More money to review our tax returns

It would not be a budget without promises of more funding to the ATO to collect more tax. 

For example the Government will provide $89.6 million to the ATO for the Personal Income Tax Compliance Program that will increase receipts by $474.9 million and increase payments by $90.8 million over the 5 years.

The Government will also extend funding for the Serious Financial Crime Taskforce and Serious Organised Crime program to increase receipts by $279.5 million and increase payments by $256.6 million.

The additional funding will also be provided to the ATO to go after taxpayers who have high-value debts over $100,000 and aged debts older than two years where those taxpayers are either public and multinational groups with an aggregated turnover of greater than $10 million, or privately owned groups or individuals controlling over $5 million of net wealth.

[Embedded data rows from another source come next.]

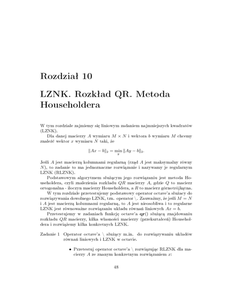 Rozdziaª 10 LZNK. Rozkªad QR. Metoda Householdera W tym rozdziale zajmiemy si¦ liniowym zadaniem najmniejszych kwadratów (LZNK). Dla danej macierzy A wymiaru M × N i wektora b wymiaru M chcemy znale¹¢ wektor x wymiaru N taki, »e kAx − bk2 = min kAy − bk2 . y Je±li A jest macierz¡ kolumnami regularn¡ (rz¡d A jest maksymalny równy N ), to zadanie to ma jednoznaczne rozwi¡zanie i nazywamy je regularnym LZNK (RLZNK). Podstawowym algorytmem sªu»¡cym jego rozwi¡zaniu jest metoda Householdera, czyli znalezienia rozkªadu QR macierzy A, gdzie Q to macierz ortogonalna - iloczyn macierzy Householdera, a R to macierz górnotrójk¡tna. W tym rozdziale przetestujemy podstawowy operator octave'a sªu»acy do rozwi¡zywania dowolnego LZNK, tzn. operator \. Zauwa»my, »e je±li M = N i A jest macierz¡ kolumnami regularn¡, to A jest nieosobliwa i to regularne LZNK jest równowa»ne rozwi¡zaniu ukªadu równa« liniowych Ax = b. Przetestujemy w zadaniach funkcj¦ octave'a qr() sªu»¡c¡ znajdowaniu rozkªadu QR macierzy, kilka wªasno±ci macierzy (przeksztaªce«) Householdera i rozwi¡»emy kilka konkretnych LZNK. Zadanie 1 Operator octave'a \ sªu»¡cy m.in. do rozwi¡zywaniu ukªadów równa« liniowych i LZNK w octavie. • Przetestuj operator octave'a \ rozwi¡zuj¡c RLZNK dla macierzy A ze znanym konkretnym rozwi¡zaniem x: 48 A = [1, 1; 1, −1; 1, 3], x = [1; 2] przyjmuj¡c, »e f = Ax. Czy y=A\f jest rozwi¡zaniem tego ukªadu? Policz normy residualn¡ kAy − f k2 i norm¦ bª¦du kx − yk2 . • Przetestuj ten operator dla nieregularnego LZNK dla macierzy AT z x = [1; 1; 1] i f = Ax. Czy y=A'\f jest rozwi¡zaniem tego ukªadu? Policz normy residualn¡ kAT y − f k2 i norm¦ bª¦du kx − yk2 . Zadanie 2 Rozkªad QR w octave. Funkcje qr(). (a) Zapoznaj si¦ z pomoc¡ do funkcji: qr(). (b) Dla macierzy A = [1, 1; 1, −1; 1, 3] znajd¹ jej rozkªad A = QR z pomoc¡ funkcji qr(). (c) Sprawd¹, czy uzyskana Q jest ortogonalna - policz normy Frobeniusa QQT − I i QT Q − I . (d) Sprawd¹ ten rozkªad licz¡c normy macierzowe: norm¦ drug¡ i norm¦ Frobeniusa bª¦du A − QR. (e) Zastosuj ten rozkªad do znalezienia rozwi¡zania LZNK Ax = f ze znanym rozwi¡zaniem, np. x = [1; 0] i f = [1; 1; 1]. (f) Policz norm¦ drug¡ wektorow¡ pomi¦dzy x, a wynikiem algorytmu w, polegaj¡cym na zastosowaniu odpowiedniego rozkªadu oraz takie same normy residualne, tzn. normy drugie Aw − f oraz Rw − QT f . Zadanie 3 Ukªad równa« normalnych, a rozkªad QR. Rozpatrzmy macierz A2n,k - pod-macierz wymiaru 2n × k macierzy Vandermonde'a A2n,2n dla 2n w¦zªów równoodlegªych na [0, 1]. LZNK z A2n,k z wektorem prawej strony f równym pierwszej kolumnie tej macierzy (rozwi¡zanie to pierwszy wersor) rozwi¡» trzema sposobami: (a) u»ywaj¡c operator \, (b) u»ywaj¡c rozkªad QR uzyskanym funkcj¡ qr(), 49 (c) poprzez rozwi¡zanie ukªadu równa« normalnych: Bx = g dla B = AT2n,k A2n,k , g = AT2n,k f, tzn. tworzymy macierz ukªadu równa« normalnych B , wektor prawej strony g ukªadu równa« normalnych, a nast¦pnie rozwi¡zujemy ukªad równa« normalnych operatorem \ . Macierz Vandermonde'a mo»na w octave'ie utworzy¢ za pomoc¡ funkcji vander(). Przeprowad¹ testy dla N = 10, 20, 40, 80 i k = 2, 4, n. Porównaj • czas oblicze« • bª¡d - kx − yk2 • bª¡d residualny kAx − f k2 dla x rozwi¡zania dokªadnego LZNK, f wektora prawej strony LZNK, y przybli»enia rozwi¡zania uzyskanego dan¡ metod¡. Zadanie 4 Rozkªad QR a operator \ przy rozwi¡zywaniu ukªadów równa« liniowych, Rozpatrzmy macierz An,n Vandermonde'a dla n w¦zªów równoodlegªych na [0, 1]. Ukªad równa« liniowych z wektorem prawej strony równym pierwszej kolumnie tej macierzy (rozwi¡zanie to pierwszy wersor) rozwi¡» dwoma sposobami: (a) operatorem \, (b) rozkªadem QR uzyskanym funkcj¡ qr(), Przetestuj dla N = 10, 20, 40, 80. Porównaj • czas oblicze«, • bª¡d kx − yk2 , • bª¡d rezydualny: kAx − f k2 , dla x rozwi¡zania dokªadnego tego ukªadu równa«, f wektora prawej strony ukªadu i y przybli»enia rozwi¡zania uzyskanego dan¡ metod¡. 50 Zadanie 5 Krzywa najlepiej pasuj¡ca do danych punktów. Zastosuj octave'a do znalezienia wspóªczynników a, b krzywej najlepiej pasuj¡cej do zadanych punktów: (xk , yk ), tzn. znajd¹ takie a, b, »e X |ax2k + byk2 − 1|2 = min c,d k X |cx2k + dyk2 − 1|2 . k Za (xk , yk ) przyjmiemy zaburzone punkty z danej elipsy q yk = 1 − 4 ∗ x2k + zk , gdzie zk to zaburzenie wylosowane z [0, 10−2 ] a xk = 1/k lub xk = −1 + h ∗ k dla h = 2/N k = 1, ..., N . Czy obliczone a i b jest bliskie 4 i 1? W jednym oknie zaznacz punkty (xk , yk ) plusami oraz narysuj fragmenty wykresów obu elips: pierwszej - dla a = 4, b = 1 i drugiej elipsy - dopasowanej do zaburzonych punktów. Powtórz obliczenia dla ró»nych zaburze« zk . Zadanie 6 Zaprogramuj funkcj¦ octave'a function y=H( x , w, nw) która dla danych wektorów ~x i w ~ tego samego wymiaru N i skalaru nw = kwk2 zwróci wektor y = Hw ~x dla Hw = I − 2 ∗ 1 w ~w ~T nw czyli przeksztaªcenia (macierzy) Householdera. Skalar mo»e by¢ parametrem opcjonalnym. Je±li funkcja b¦dzie wywoªana z dwoma tylko parametrami, to norm¦ w mo»na obliczy¢ w tej funkcji. Przetestuj t¦ funkcj¦ dla losowych wektorów ~x i w ~ i sprawd¹, czy kHw ~xk2 = k~xk2 , Hw (Hw x) = x. Zadanie 7 Napisz ogólniejsz¡ wersj¦ funkcji z poprzedniego zadania, tzn.: funkcj¦: function Y=Hm(X, w, nw) , 51 gdzie X macierz N × M i wtedy zwracany wynik to macierz Y = Hw ∗ X . Pozostaªe dwa parametry funkcji pozostan¡ bez zmian. Czy mo»na zaimplementowa¢ tak¡ funkcj¦ bez u»ycia p¦tli? Sprawd¹, wykorzystuj¡c t¦ funkcj¦, czy mno»enie przez macierz Householder nie zmienia norm macierzowych drugiej i Frobeniusa, tzn. czy: kAk2 = kHw ∗ Ak2 = kA ∗ Hw k2 i kAkF = kHw ∗ AkF = kA ∗ Hw kF dla losowej macierzy A i Hw macierzy Householdera dla losowego wektora w 6= 0. Zadanie 8 Znajd¹ wek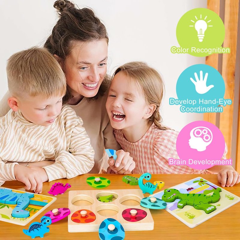 Ideal for both boys and girls, this educational set serves as a wonderful toy, offering hours of fun while fostering patience, imagination, focus, and cognitive development. Whether for a birthday, holiday, or just because, the "2+1 DINOSAUR PUZZLES SET" is a thoughtful Montessori-inspired choice that encourages learning through play, making it a must-have for any young learner's toy collection.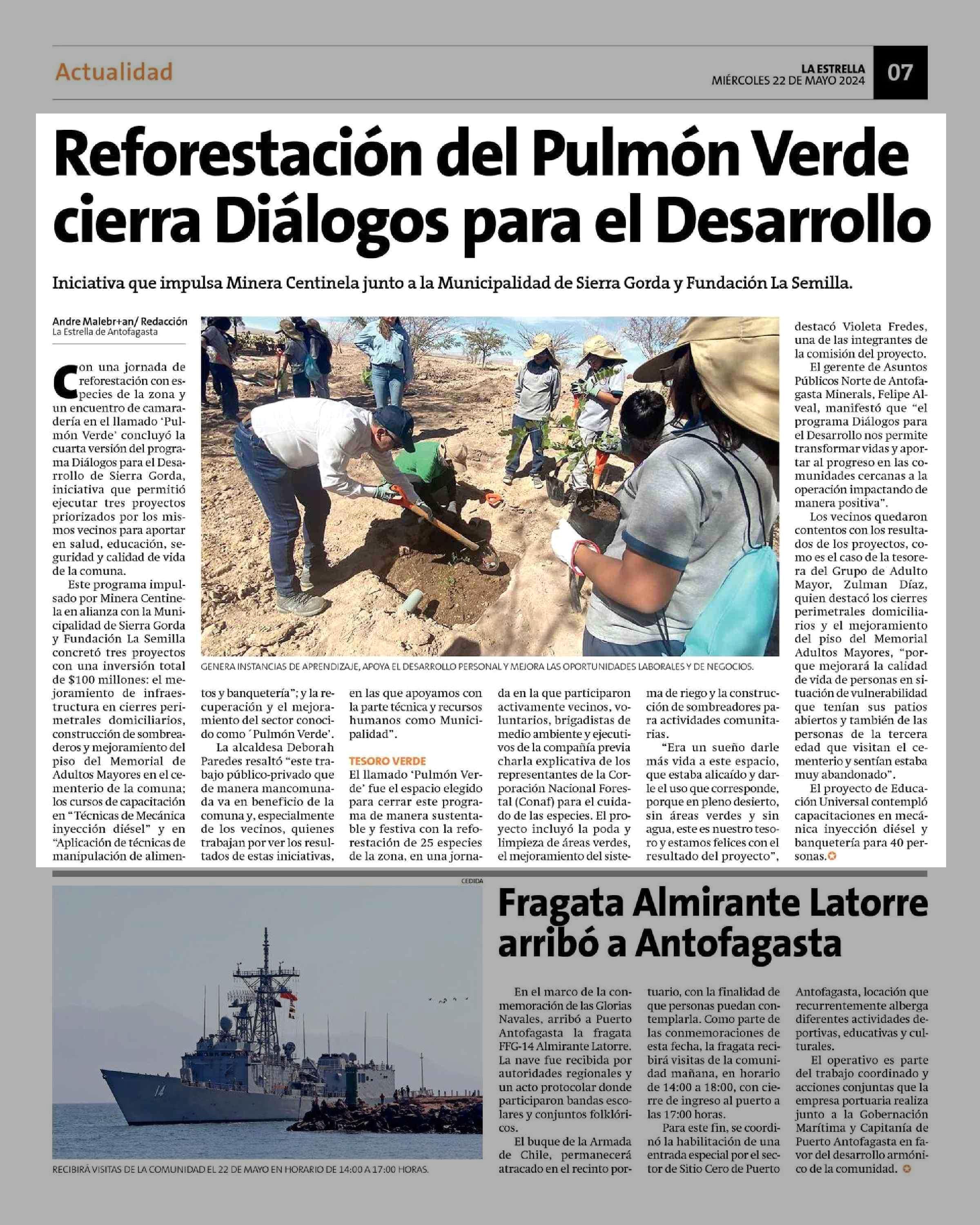 Reforestación del Pulmón Verde cierra Diálogos para el Desarrollo 22-05-2024 La Estrella de Tocopilla |

Also, the Government will provide $588.8 million to the ATO over 4 years to continue a range of activities that promote GST compliance, which will increase GST receipts by $3.8 billion over 5 years.

Other interesting stuff

Some other announcements that we should at least be aware of include:

  • The Government will introduce legislation to allow general insurers to use audited financial reporting information, which is calculated according to a new accounting standard, as the basis for their tax returns. 
  • The Government will extend the clean building managed investment trust withholding tax concession to data centres and warehouses.
  • The Government will exempt eligible lump sum payments in arrears from the Medicare levy from 1 July 2024 (as it always should have been).
  • The Government is still looking to apply a global minimum tax to entities with over $1.2 billion in world-wide turnover.
  • The Government will amend the general anti-avoidance rule in Part IVA so that it can apply to schemes that reduce withholding tax rate on income paid to foreign residents and schemes that reduce foreign income tax.

And that’s it for another Budget. See you again in May 2024.